Tout débute dans un espace fermé, un havre de paix, même si la vie est difficile. On y découvre une cellule familiale, comme Tem et son père (1) dans leur tente, ou Conan et son grand-père (2) sur leur île. Puis vient la communauté villageoise, avec la Vallée du vent de Nausicaä, le village de Shuna (5), le bourg minier de Pazu (7) et le village du prince Ashitaka (11). La majorité de ces communautés a pour particularité de vivre leur rapport au monde en privilégiant la fermeture, plutôt que l’ouverture. Ce repli évoque très clairement l’histoire du fonctionnement des villages japonais. Ainsi, comme le rappelle le philosophe Katô Shûichi, la communauté ancienne garantissait par principe la sécurité de ses membres face au danger extérieur. En même temps, elle limitait à l’extrême la liberté individuelle, jusque dans la vie quotidienne. Au sein de ce type de groupe, l’individu devait donc choisir entre changer d’opinion ou s’exiler – dans l’univers miyazakien, des variations de ce choix se poseront notamment à Shuna et à Ashitaka.
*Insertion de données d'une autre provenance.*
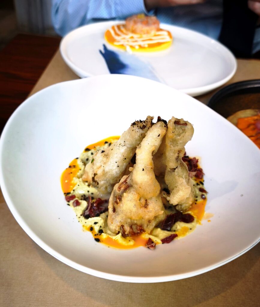 Aquí hay magia, sí: alcachofa en tempura con hummus, jamón ibérico y polvo de aceitunas negra. Es una de las especialidades de Sal Gorda, una propuesta que confirma la calidad de una cocina de altos vuelos.

Pour le village fermé japonais, il existait deux extérieurs : le proche et le lointain. Dans le lointain, tout était si différent qu’il était très difficile pour la communauté de l’imaginer. Cela pouvait par exemple se matérialiser avec une grande ville, ou bien l’« autre monde », celui des morts et des divinités. Selon Katô Shûichi,

« La relation entre le lointain et le village est à sens unique, car les villageois ne se rendent pas dans l’extérieur lointain. Toutefois, des visiteurs viennent depuis l’extérieur lointain, comme des esprits divins [ou “kami”], en tant que “personnages rares” […] Venaient aussi des créatures de rangs inférieurs aux villageois, inégaux à leurs yeux. “Non-humains” [ou “Hinin”] mendiants, artistes itinérants de tous genres, prostituées ou bien les oracles cumulant les fonctions de prostituée. Ce type de personnages discriminés comme “parias” venait, lui aussi, d’un extérieur indéterminé1. »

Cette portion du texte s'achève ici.